This move comes amid increased U.S. securities regulator scrutiny, potentially boosting cryptocurrencies’ adoption and market stability.
BlackRock, the largest asset manager in the world, is on the verge of submitting an application for a Bitcoin exchange-traded fund (ETF), according to a recent report by CoinDesk. The information was disclosed by a knowledgeable individual cited in the report on Thursday. This development marks a significant step forward for the integration of cryptocurrencies into mainstream financial markets.
BlackRock is said to be partnering with Coinbase Custody, a trusted offline storage solution for digital assets to facilitate the bitcoin ETF. By utilizing Coinbase Custody, BlackRock aims to ensure the secure storage and management of the underlying bitcoin holdings that will support the ETF. Additionally, the asset manager will rely on the spot market data provided by Coinbase, one of the leading cryptocurrency exchanges, for accurate and reliable pricing of the bitcoin ETF.

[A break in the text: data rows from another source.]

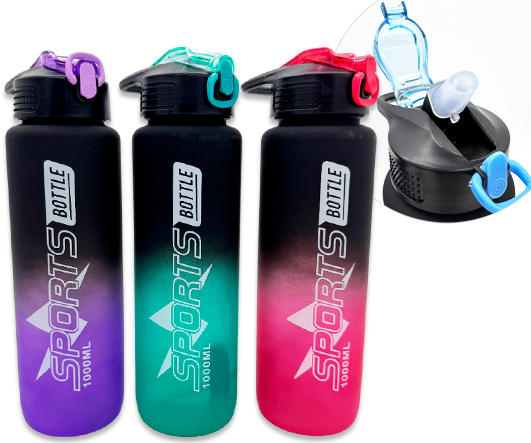 Бутылка для воды DN-193 1000мл, 27х7,5см, пластиковая, ремешок, пластиковая ручка, градиент, ассорти (1/80)
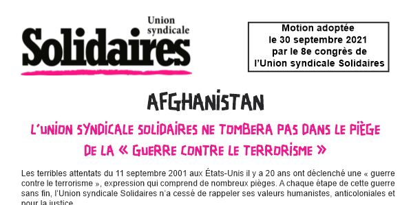 Les terribles attentats du 11 septembre 2001 aux États-Unis il y a 20 ans ont déclenché une « guerre contre le terrorisme », expression qui comprend de nombreux pièges. A chaque étape de cette guerre sans fin, l’Union syndicale Solidaires n’a cessé de rappeler ses valeurs humanistes, anticoloniales et pour la justice.
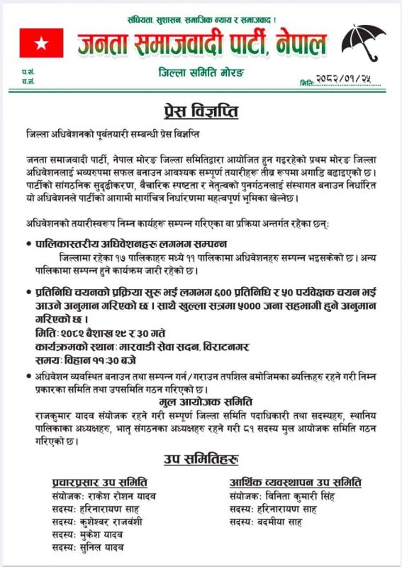 विराटनगर । जनता समाजवादी पार्टी नेपाल मोरङको प्रथम जिल्ला अधिवेशन बैसाख २९ र ३० गते हुने भएको छ ।
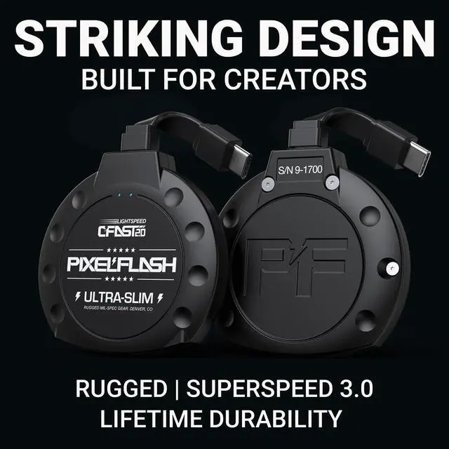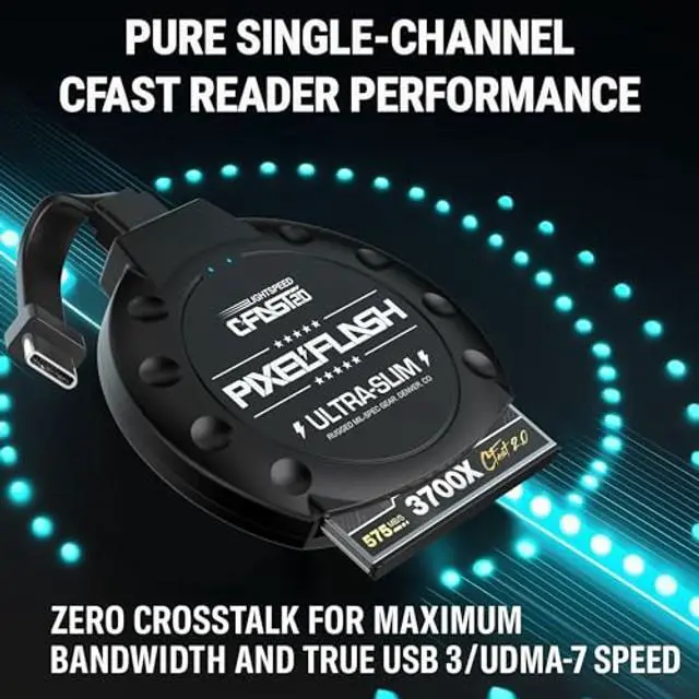 CARDS: Supports CFast 2.0 and 1.0 memory cards, including PixelFlash, Lexar, SanDisk, Sony, and ProGrade, ensuring flawless performance for professional camera systems. Not compatible with CompactFlash (CF) cards. ^^ BLISTERING 10GBPS TRANSFERS WITH
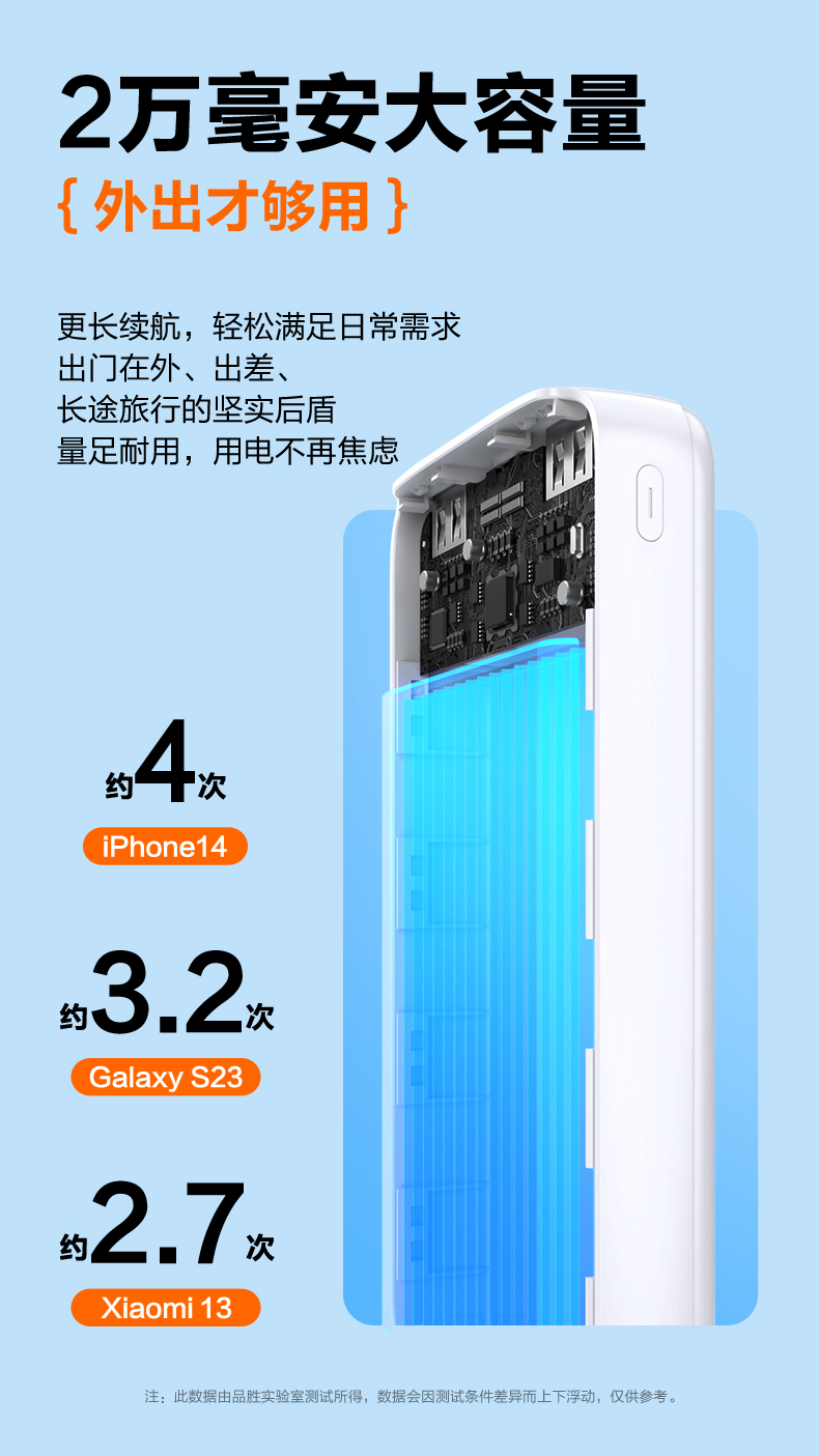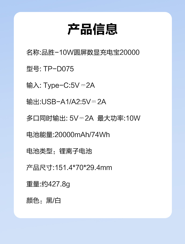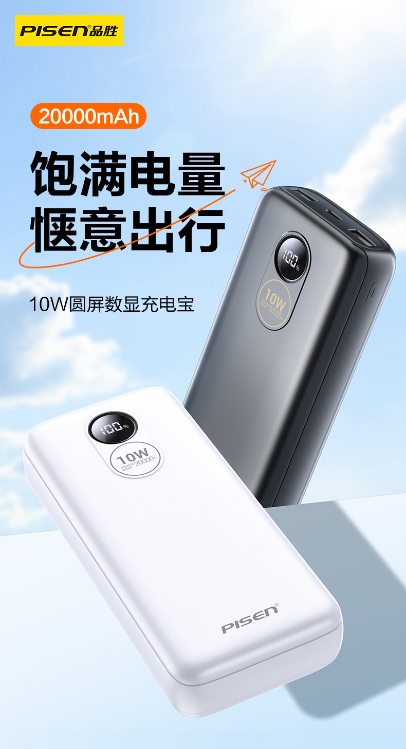品胜 10W圆屏数显充电宝20000毫安移动电源 支持苹果/华为/小米/荣耀等设备
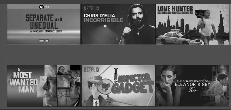 Рисунки 61.1, 61.2, 61.3 и 61.4 демонстрируют, какой размер должны иметь значки на экране, чтобы пользователь смог без проблем выбрать фильм.
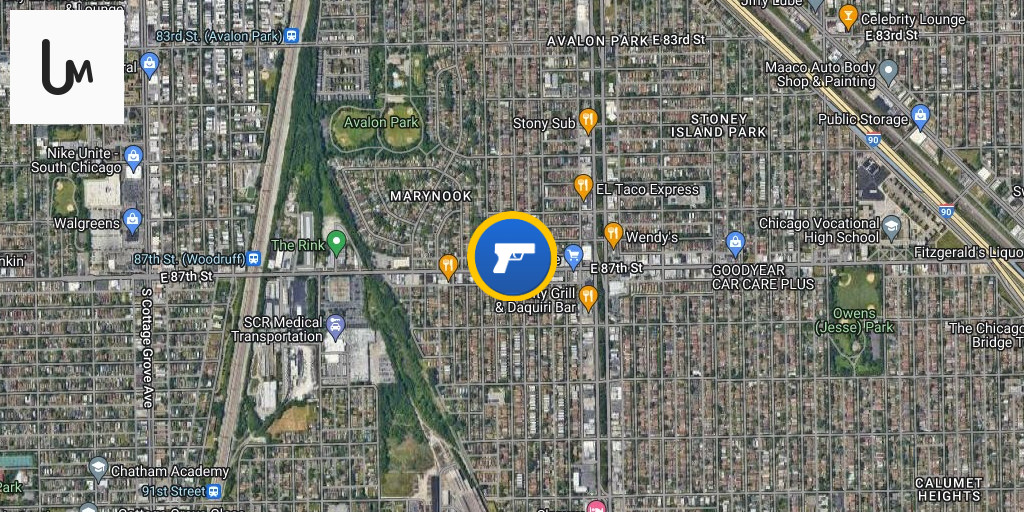 Person Shot 1400 block of E 87th St (Avalon Park) A 29-year-old man was walking along 87th near Dorchester when two men jumped out of a black sedan, pulled guns, and started firing at him. He was hit in the left leg and later
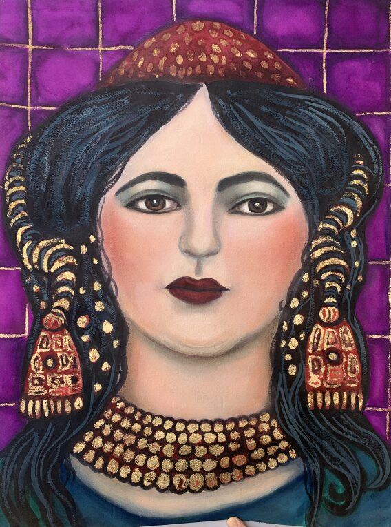A pastel & watercolor portrait of a beautiful Princess. Anonymous is not telling us more. 24x18" on deckled fine art paper.
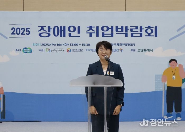 정안뉴스 안정주 기자 | 경기도의회 경제노동위원회 고은정 위원장(더불어민주당, 고양10)은 16일 고양국제꽃박람회장에서 열린 ‘2025 경기도 장애인 취업박람회’ 공동 개막식에 참석해 장애인 일자리 확대의 중요성과 경기 남북부의 균형 있는 접근 필요성을 강조했다.

This move comes at a time when the cryptocurrency industry is facing increased scrutiny from the U.S. securities regulator due to alleged violations of securities laws. In recent weeks, the regulator has initiated high-profile lawsuits against prominent exchanges such as Coinbase and Binance, which have sent shockwaves throughout the digital assets market.
The decision by BlackRock to explore the possibility of launching a bitcoin ETF highlights the growing acceptance and interest in cryptocurrencies among institutional investors. As the world’s largest asset manager, BlackRock’s involvement in the cryptocurrency space could potentially lend greater credibility and legitimacy to bitcoin as an investment asset.
This move could also open the doors for other traditional financial institutions to consider entering the cryptocurrency market, leading to increased adoption and potentially driving further growth and stability within the industry. The exact timeline for BlackRock’s filing and potential approval of the bitcoin ETF remains uncertain.